Background: There are a wide range of diagnostic markers for colorectal cancers like detection of mutated KRAS, TP53, and APC genes. However, genetic and immunological factors have also been attributed to the cancer prognosis. The present study was carried out to evaluate the expression of CTLA-4 in colorectal cancers. Methods: This cross-sectional study was carried out among 30 resected specimens of colorectal cancer. Paraffin blocks were made on samples from tumor areas along with adjacent normal areas. Immunohistochemistry for CTLA-4 was done on the sections along with controls. Gross findings were recorded from the blocks. Blocks with section containing normal epithelium and tumor were chosen for immunohistochemistry. Results: Overexpression of CTLA-4 was observed in 43.3% of the tumors. There was a significantly high tumor infiltration among those specimens showing overexpression of CTLA-4. The observed difference was statistically significant (P < 0.05). On comparing the grade of the tumor with intensity of CTLA4 uptake, it was observed that majority of the well-differentiated tumors (66.7%) had an intensity of 1+ whereas majority of the poorly differentiated tumors had an intensity of 3+ (66.7%). Conclusion: The present study has demonstrated overexpression of CTLA-4 in colorectal cancer specimens, and also highlighted the potential scope for anti-CTLA-4 agents like Ipilimumab in cancer therapy. The need for further evaluation to examine five-year survival with such immunotherapies is essential to document candid therapeutic recommendations for colorectal cancers.

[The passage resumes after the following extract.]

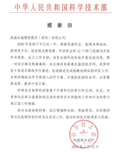 2020年,森骏集团与博奥生物共同研发并成功生产全集成核酸检测芯片,为全集成新冠检测移动实验室的建成和实行给予了科技层面极大的支持,并由此收到来自国家科技部的抗疫感谢信!
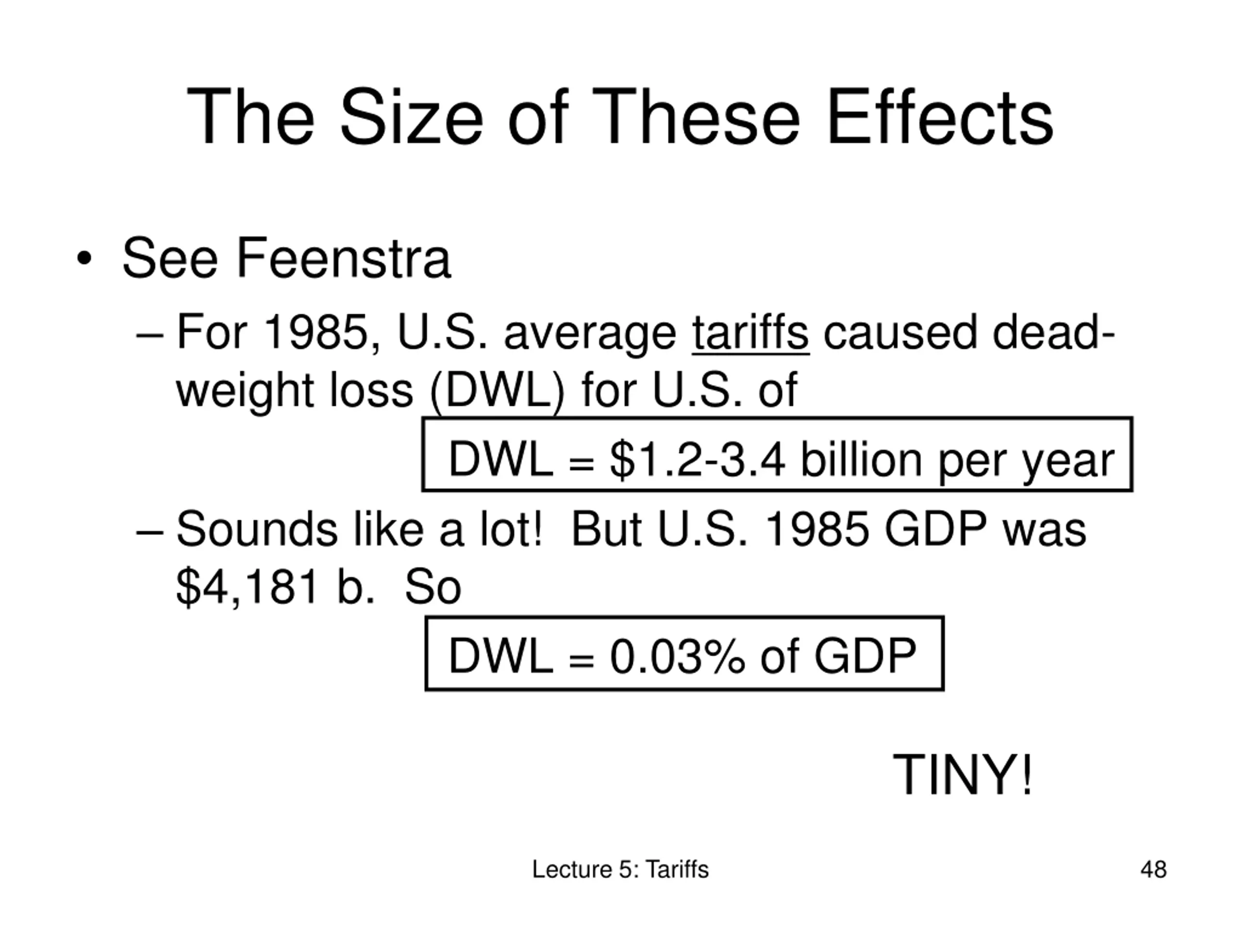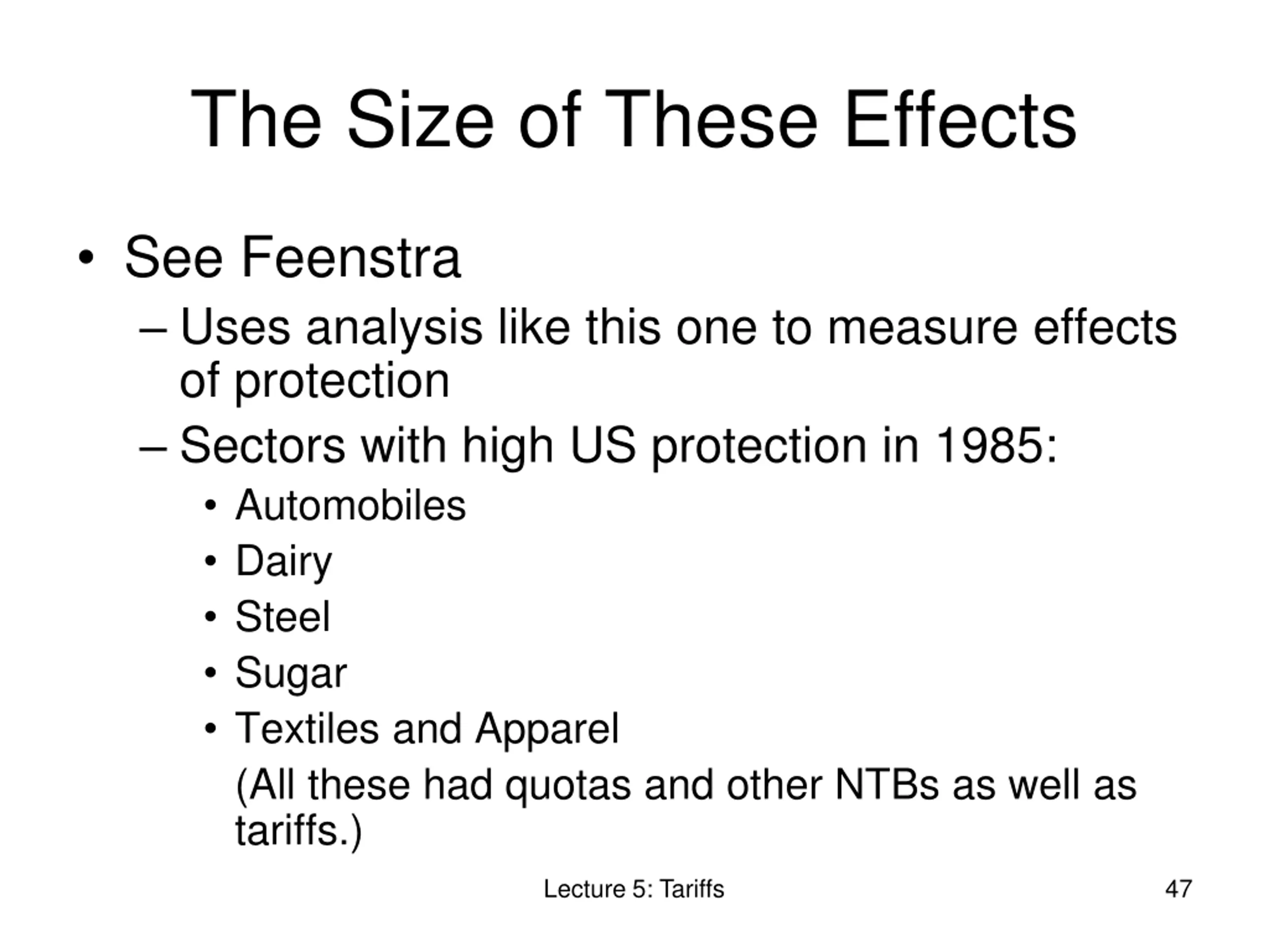 The Size of These Effects See Feenstra Uses analysis like this one to measure effects of protection Sectors with high US protection in 1985: Automobiles Dairy Steel Sugar Textiles and Apparel (All these had quotas and other NTBs as well as tariffs.) Lecture 5: Tariffs 47

Keywords: Colorectal cancers, CTLA-4, immunohistochemistry, T lymphocytes

How to cite this article:
Narayanan V, Pavithra V, Dhanapal D, Sundaram S, Narayanan C D. Role of CTLA4 immunohistochemistry in the diagnosis of colon cancers. Indian J Pathol Microbiol 2022;65:791-5

How to cite this URL:
Narayanan V, Pavithra V, Dhanapal D, Sundaram S, Narayanan C D. Role of CTLA4 immunohistochemistry in the diagnosis of colon cancers. Indian J Pathol Microbiol [serial online] 2022 [cited 2022 Dec 7];65:791-5. Available from: https://www.ijpmonline.org/text.asp?2022/65/4/791/359306





   Introduction Top


Colorectal cancers are invasive cancers, which predominantly occur in the developed countries. According to the Global Burden of Disease estimates in 2017, there were 1.8 million cases worldwide, and the cancer incidence has witnessed an increase of 9.5% between 1990 and 2017.[1] In developing countries like India, the incidence is fairly low, with an age-standardized incidence of 7.2 per 100,000 population in 2017. However, being an invasive cancer, the disease is associated with increased mortality and low survival, with five-year survival rates being < 40%.[2] Furthermore, the age distribution of these cancers in India has demonstrated alarming incidences in the age group of 15-59 years (62.5%), thereby increasing the vulnerability among the economically productive population.[3]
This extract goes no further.